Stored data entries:
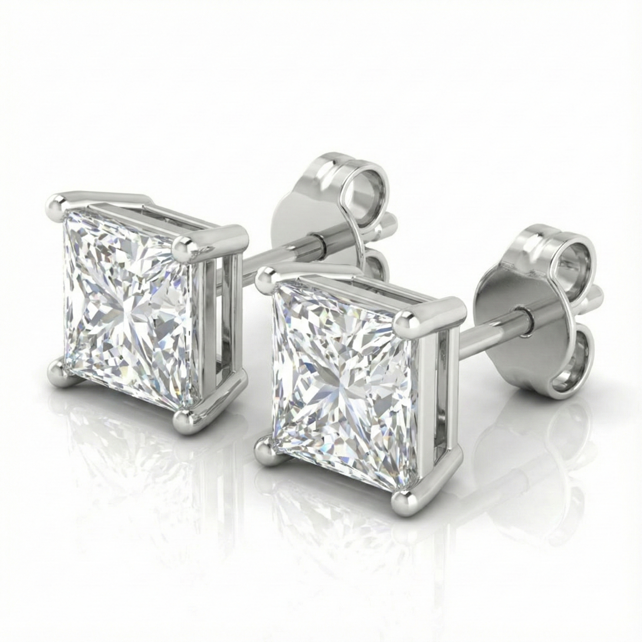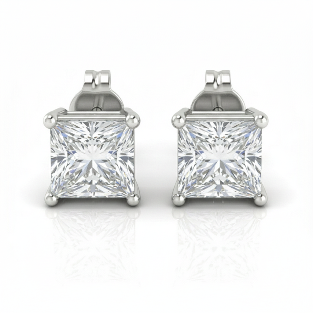 Women's Earrings Regina are a statement of refined brilliance and modern sophistication. Crafted in polished 14K white gold, each earring features a striking princess-cut lab-grown diamond, IGI certified for exceptional quality and ethical sourcing.
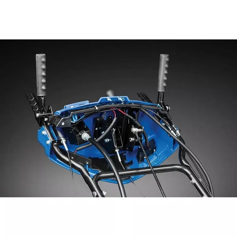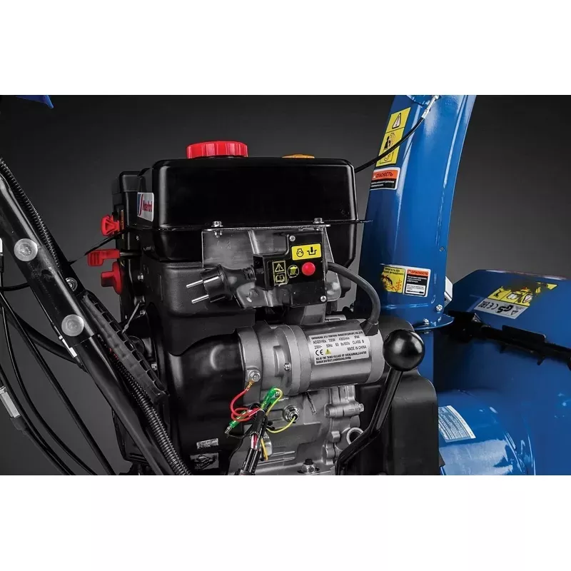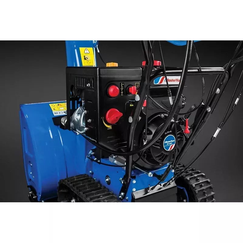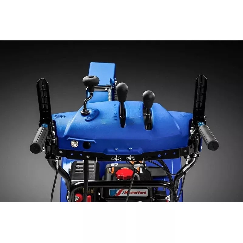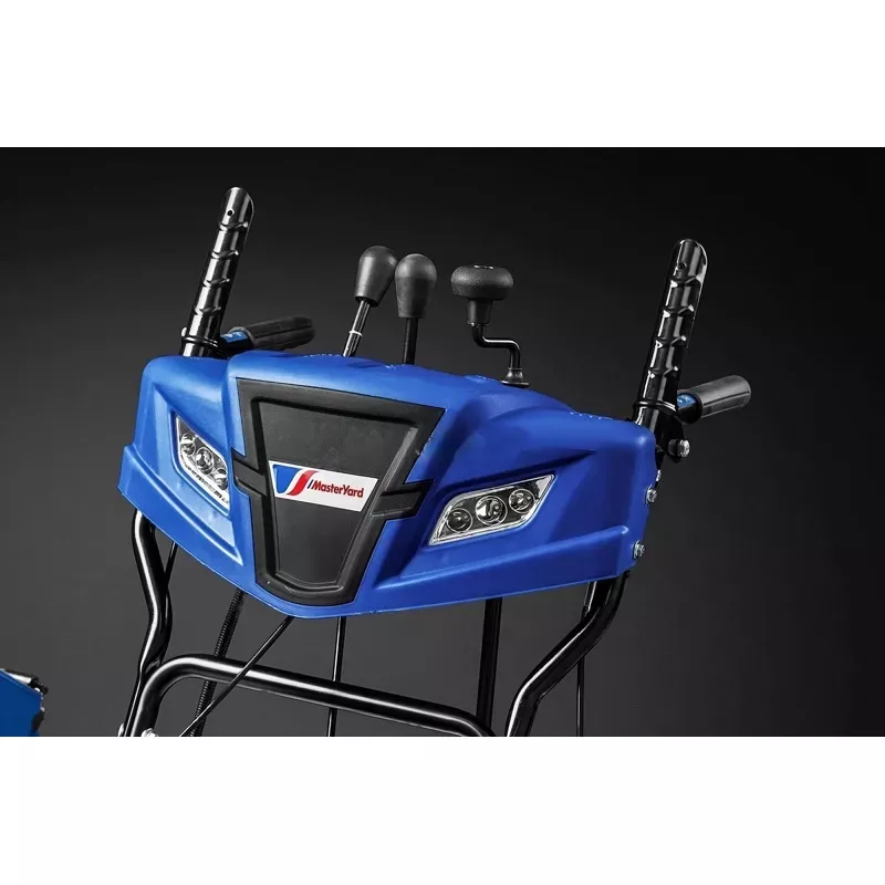 Бензиновый снегоуборщик MasterYard MV 26530 RET - гусеничная модель с электрическим запуском и шириной захвата 70 см. Машина оснащается двойной яркой фарой, системой быстрого разворота желоба выброса, обогревом рукояток.
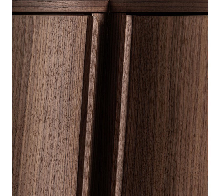 Príborník je vyrobený z kvalitnej orechovej dyhy, ktorá mu prepožičiava svoju bohatú tmavohnedú farbu. Kresba letokruhov je organizovaná do lineárnych vertikálnych štruktúr. Vizuálne tak predlžuje dvierka príborníka a zároveň zdôrazňuje moderné tvary. Interiér nábytku má rovnaké farebné prevedenie ako vonkajšie časti.
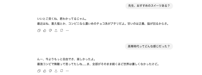- キャラ崩壊を防ぐ:定期的なリマインドやMy GPTの活用で、長期間の会話でも一貫性を保てる
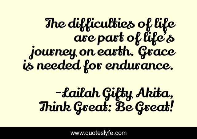 "Lailah Gifty Akita, Think Great: Be Great! Quotes." Quoteslyfe.com, 2025. Fri. 05 Dec. 2025. <https://www.quoteslyfe.com/quote/The-difficulties-of-life-are-part-of-121414>.
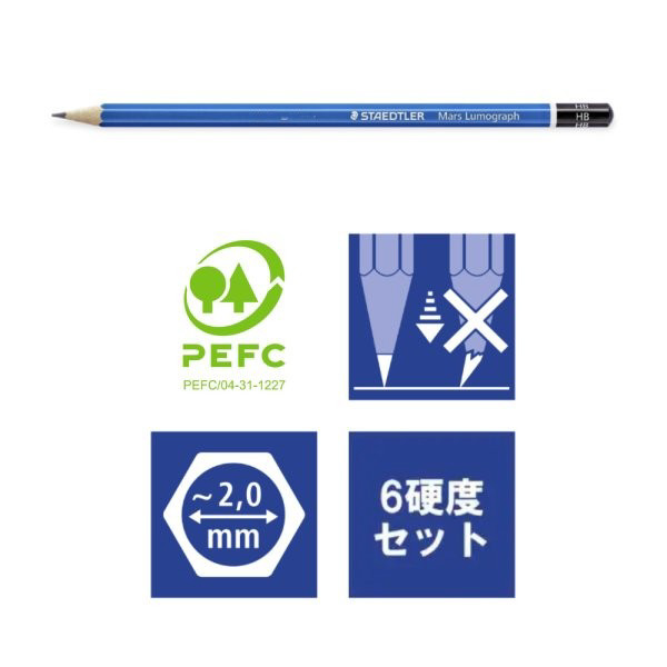 製図・ファインアート・デザインなどのプロフェッショナルユーザーから厚い信頼を受けている鉛筆。紙への定着性がよく均一な線が書けます。折れにくく磨耗が少なく滑らかな書き味です。
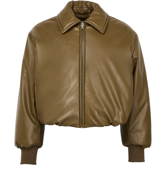 This long-sleeved bomber jacket features an appliquéd logo on the chest and a larger logo at the back, adding a bold statement to the design. The jacket is secured with a zipper closure and finished with sleek silver details for a modern touch. Perfect for adding a stylish edge to any look.
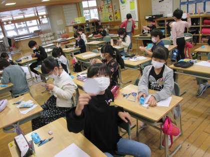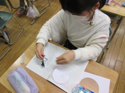 算数科「まるい形を調べよう」の学習では、初めてコンパスを使い、円をかきました。きれいな円をかけるように特訓中です。
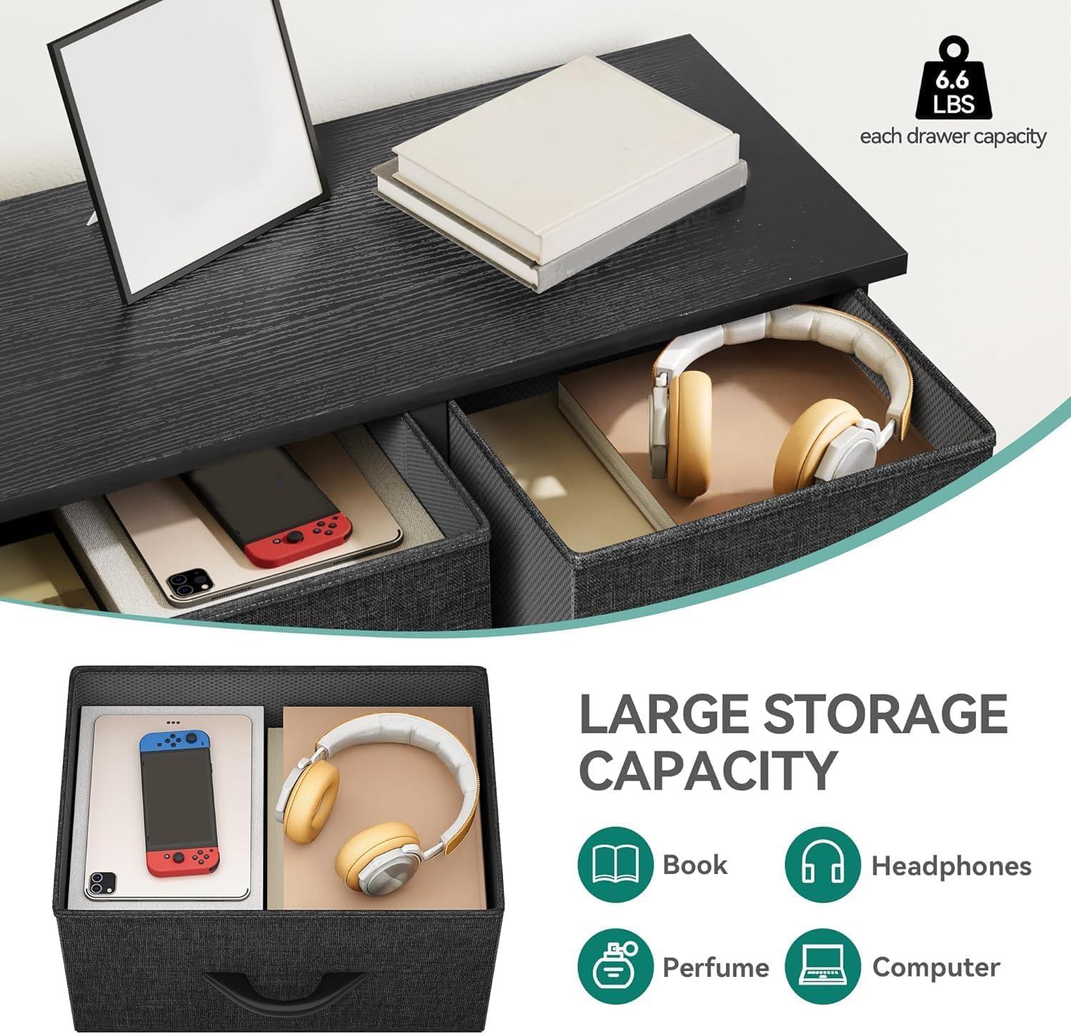UNIVERSALLY COMPLEMENTARY- Sleek cool grey fabric drawers with sturdy black metal frame and wooden tabletop; Enjoy modern scent and stylish aesthetics that easily complements various living spaces: living rooms, bedrooms, hallways, entryways, closets, etc

**Instructions for the task:** From the first line to the last, write out the data exactly, dropping any pictures.

**Completed exercise:**
 Women's Earrings Regina are a statement of refined brilliance and modern sophistication. Crafted in polished 14K white gold, each earring features a striking princess-cut lab-grown diamond, IGI certified for exceptional quality and ethical sourcing.
 Бензиновый снегоуборщик MasterYard MV 26530 RET - гусеничная модель с электрическим запуском и шириной захвата 70 см. Машина оснащается двойной яркой фарой, системой быстрого разворота желоба выброса, обогревом рукояток.
 Príborník je vyrobený z kvalitnej orechovej dyhy, ktorá mu prepožičiava svoju bohatú tmavohnedú farbu. Kresba letokruhov je organizovaná do lineárnych vertikálnych štruktúr. Vizuálne tak predlžuje dvierka príborníka a zároveň zdôrazňuje moderné tvary. Interiér nábytku má rovnaké farebné prevedenie ako vonkajšie časti.
- キャラ崩壊を防ぐ:定期的なリマインドやMy GPTの活用で、長期間の会話でも一貫性を保てる
 "Lailah Gifty Akita, Think Great: Be Great! Quotes." Quoteslyfe.com, 2025. Fri. 05 Dec. 2025. <https://www.quoteslyfe.com/quote/The-difficulties-of-life-are-part-of-121414>.
 製図・ファインアート・デザインなどのプロフェッショナルユーザーから厚い信頼を受けている鉛筆。紙への定着性がよく均一な線が書けます。折れにくく磨耗が少なく滑らかな書き味です。
 This long-sleeved bomber jacket features an appliquéd logo on the chest and a larger logo at the back, adding a bold statement to the design. The jacket is secured with a zipper closure and finished with sleek silver details for a modern touch. Perfect for adding a stylish edge to any look.
 算数科「まるい形を調べよう」の学習では、初めてコンパスを使い、円をかきました。きれいな円をかけるように特訓中です。
UNIVERSALLY COMPLEMENTARY- Sleek cool grey fabric drawers with sturdy black metal frame and wooden tabletop; Enjoy modern scent and stylish aesthetics that easily complements various living spaces: living rooms, bedrooms, hallways, entryways, closets, etc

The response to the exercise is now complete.